### ABOUT THIS TASK
Within the records below is a range that opens at the line with "ダスティブルームエンブロイダ" and closes at the line with "Bois de pin". Return that range word for word, both ends included, and only that range.

### THE DATA
☆ ☆ ☆ ☆ ☆ ☆ ☆
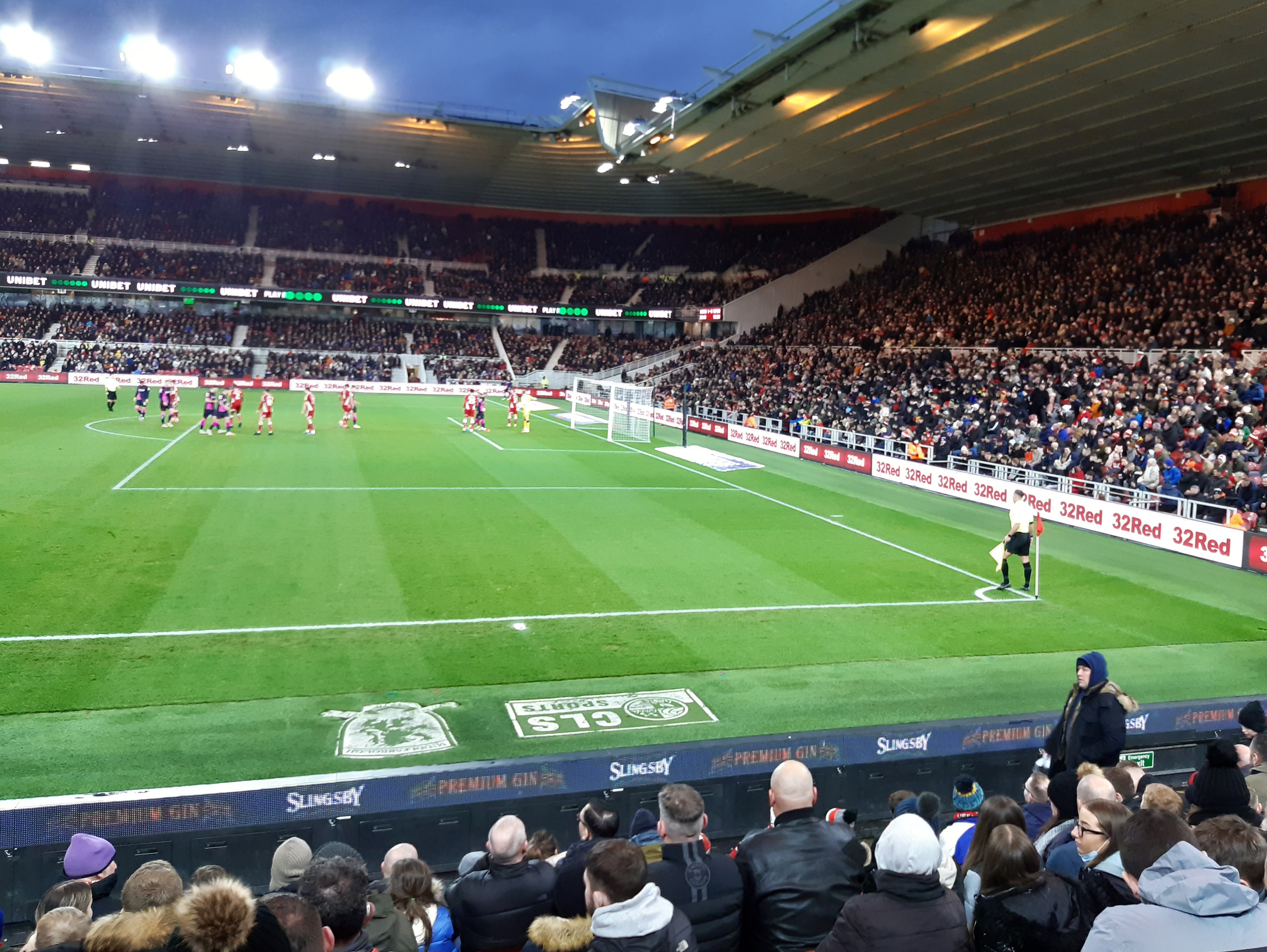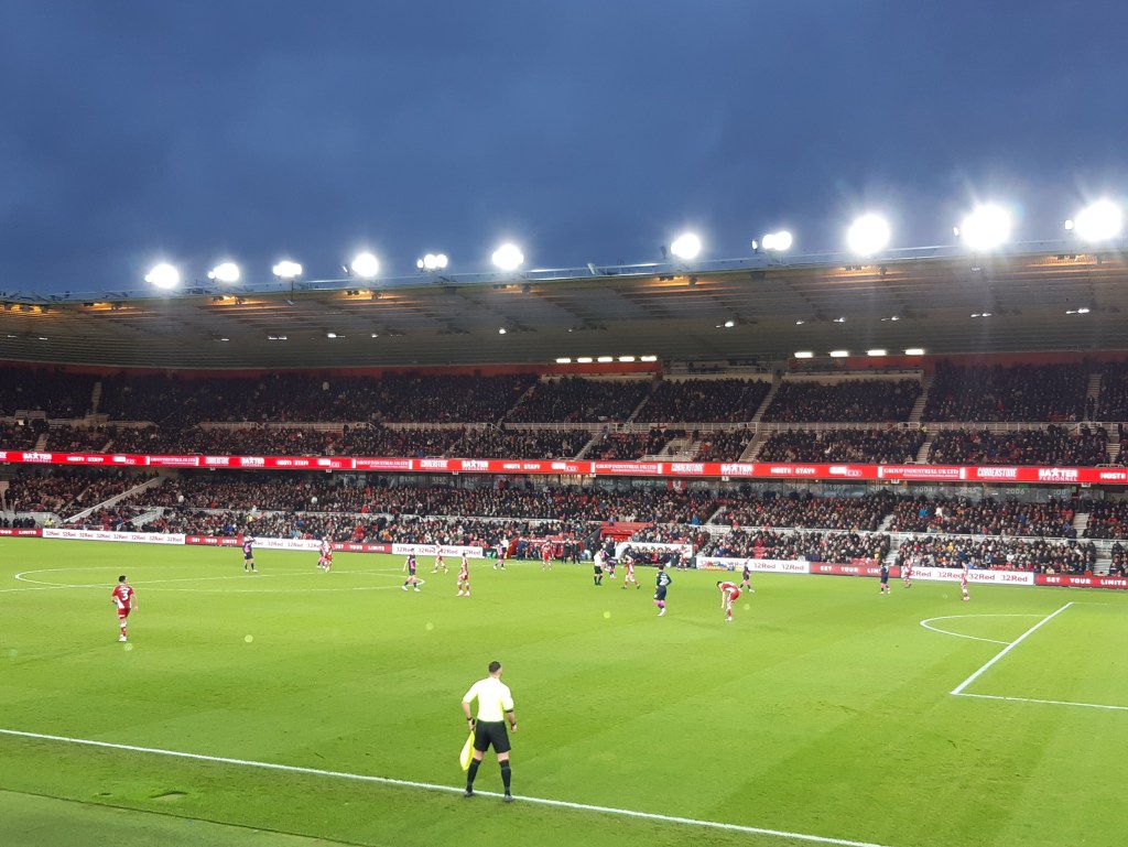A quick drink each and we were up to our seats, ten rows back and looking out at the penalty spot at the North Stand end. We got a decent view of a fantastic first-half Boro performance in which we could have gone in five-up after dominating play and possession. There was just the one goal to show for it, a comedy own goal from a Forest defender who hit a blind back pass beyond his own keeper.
☆ ☆ ☆ ☆ ☆ ☆ ☆
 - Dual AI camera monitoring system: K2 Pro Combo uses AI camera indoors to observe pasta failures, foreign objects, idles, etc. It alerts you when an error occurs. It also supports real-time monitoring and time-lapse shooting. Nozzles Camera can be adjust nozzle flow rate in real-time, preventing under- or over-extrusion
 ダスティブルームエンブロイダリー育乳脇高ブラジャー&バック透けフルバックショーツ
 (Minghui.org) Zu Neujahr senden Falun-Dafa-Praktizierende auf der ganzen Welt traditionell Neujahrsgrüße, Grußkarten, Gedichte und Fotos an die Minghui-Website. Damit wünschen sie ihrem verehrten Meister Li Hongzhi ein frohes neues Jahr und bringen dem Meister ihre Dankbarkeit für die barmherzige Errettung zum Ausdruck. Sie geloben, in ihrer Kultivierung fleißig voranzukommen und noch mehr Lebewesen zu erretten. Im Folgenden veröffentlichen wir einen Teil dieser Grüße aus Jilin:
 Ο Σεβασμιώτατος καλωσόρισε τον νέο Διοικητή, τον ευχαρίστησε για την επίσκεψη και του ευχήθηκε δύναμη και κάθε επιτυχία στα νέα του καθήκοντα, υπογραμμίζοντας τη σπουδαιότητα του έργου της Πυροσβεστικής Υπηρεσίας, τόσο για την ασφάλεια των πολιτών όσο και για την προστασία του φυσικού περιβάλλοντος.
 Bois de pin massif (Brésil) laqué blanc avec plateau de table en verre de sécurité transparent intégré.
☆ ☆ ☆ ☆ ☆ ☆ ☆
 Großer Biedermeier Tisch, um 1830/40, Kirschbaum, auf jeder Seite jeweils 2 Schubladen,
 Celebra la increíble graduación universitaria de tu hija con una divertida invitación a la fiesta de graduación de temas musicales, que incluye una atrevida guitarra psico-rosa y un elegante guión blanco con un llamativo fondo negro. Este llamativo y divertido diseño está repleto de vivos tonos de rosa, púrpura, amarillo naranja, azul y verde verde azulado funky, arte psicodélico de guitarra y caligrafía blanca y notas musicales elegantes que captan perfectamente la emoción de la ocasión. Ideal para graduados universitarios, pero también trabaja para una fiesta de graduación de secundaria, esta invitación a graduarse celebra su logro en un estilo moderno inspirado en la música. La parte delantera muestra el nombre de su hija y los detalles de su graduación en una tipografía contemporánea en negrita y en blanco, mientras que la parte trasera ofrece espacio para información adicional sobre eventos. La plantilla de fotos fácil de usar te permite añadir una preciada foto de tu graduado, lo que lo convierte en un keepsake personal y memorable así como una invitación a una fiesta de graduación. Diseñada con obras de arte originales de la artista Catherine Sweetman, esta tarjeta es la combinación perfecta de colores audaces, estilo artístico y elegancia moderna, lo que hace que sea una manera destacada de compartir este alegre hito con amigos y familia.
☆ ☆ ☆ ☆ ☆ ☆ ☆
### WRITTEN REPLY
 ダスティブルームエンブロイダリー育乳脇高ブラジャー&バック透けフルバックショーツ
 (Minghui.org) Zu Neujahr senden Falun-Dafa-Praktizierende auf der ganzen Welt traditionell Neujahrsgrüße, Grußkarten, Gedichte und Fotos an die Minghui-Website. Damit wünschen sie ihrem verehrten Meister Li Hongzhi ein frohes neues Jahr und bringen dem Meister ihre Dankbarkeit für die barmherzige Errettung zum Ausdruck. Sie geloben, in ihrer Kultivierung fleißig voranzukommen und noch mehr Lebewesen zu erretten. Im Folgenden veröffentlichen wir einen Teil dieser Grüße aus Jilin:
 Ο Σεβασμιώτατος καλωσόρισε τον νέο Διοικητή, τον ευχαρίστησε για την επίσκεψη και του ευχήθηκε δύναμη και κάθε επιτυχία στα νέα του καθήκοντα, υπογραμμίζοντας τη σπουδαιότητα του έργου της Πυροσβεστικής Υπηρεσίας, τόσο για την ασφάλεια των πολιτών όσο και για την προστασία του φυσικού περιβάλλοντος.
 Bois de pin massif (Brésil) laqué blanc avec plateau de table en verre de sécurité transparent intégré.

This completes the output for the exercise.